In Our Skies, May 2024

by Kevin Shank | May 1, 2024 | 0 comments

May 3: Saturn is .8° N of the moon.

May 5: Mars is .2° S of the moon.

May 9: Mercury is highest in the early morning sky due to its greatest western elongation. Look low in the east just before sunrise.

May 31: Saturn is .4° N of the moon.

June 4: Venus at Superior Conjunction.

June 20: This is the first day of summer in the Northern Hemisphere, and the first day of winter for the Southern Hemisphere. It is marked by the June solstice—the time in the sun’s elliptical path in which it will have reached its most northern position in the sky. This makes for the longest daylight in the Northern Hemisphere, while also being the shortest day for those living in the Southern Hemisphere.

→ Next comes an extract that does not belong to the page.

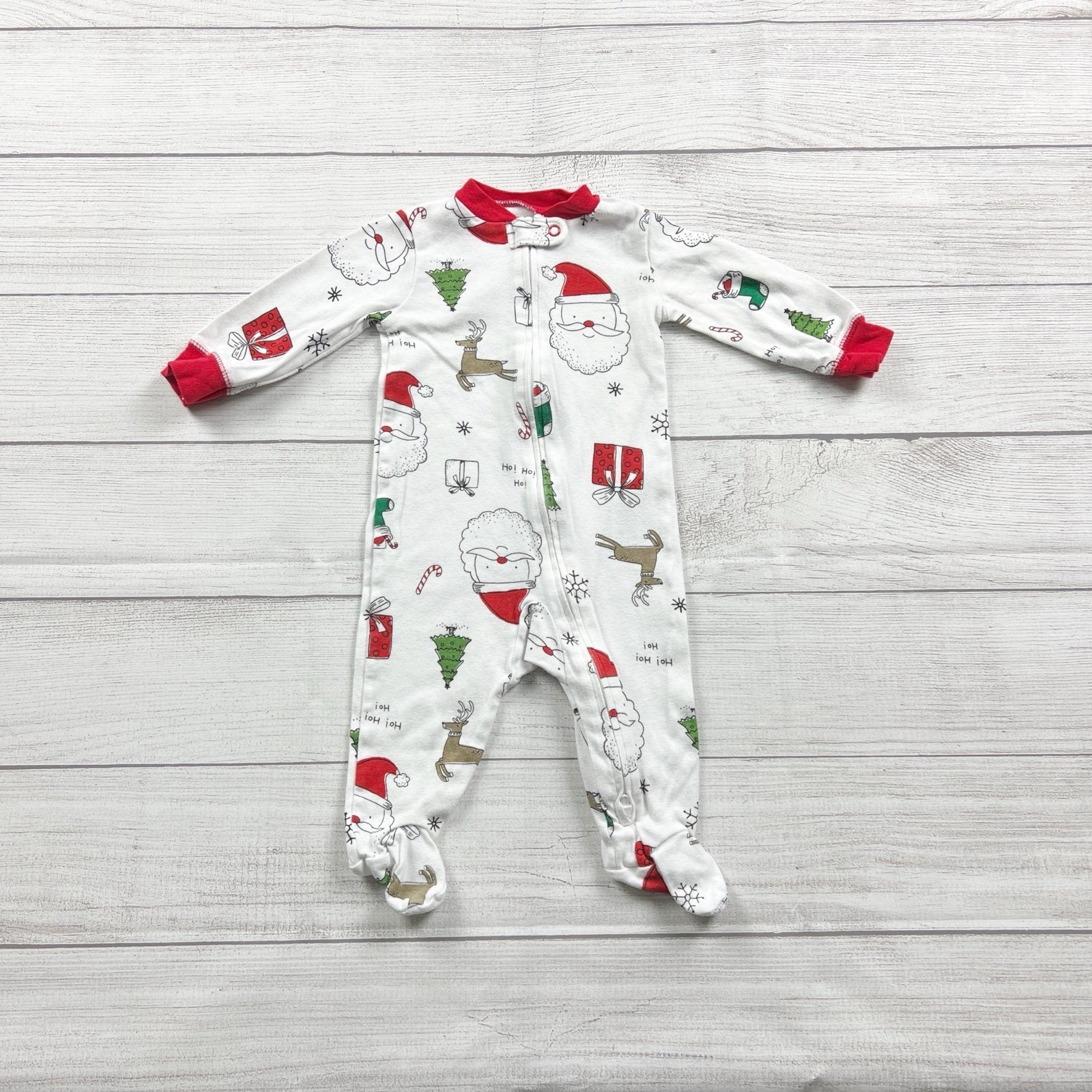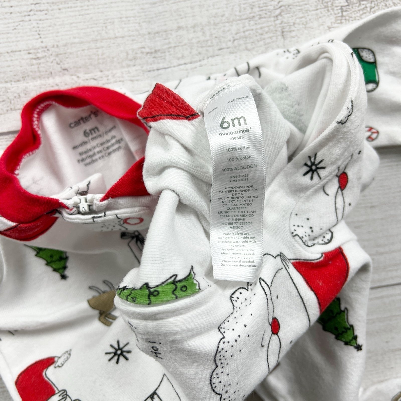 Long sleeve zip up footed sleep and play pajamas in white with red trim. Print includes holiday Christmas Santa presents trees etc

May 4-5: This is the peak of the eta Aquariids meteor shower, though the period of activity runs through May 27. This year may be stronger than usual, and the waning moon crescent will not majorly interfere. These meteors can have long persistent trails.

Comet 1P/Halley, the source of these meteors, is commonly called “Halley’s Comet.” The “P” in the official name is a designation that indicates this to be a “periodic comet.” Periodic comets orbit more frequently than once every two hundred years. The orbit for Halley’s Comet is every seventy-six years. Its last trip past Earth was 1986.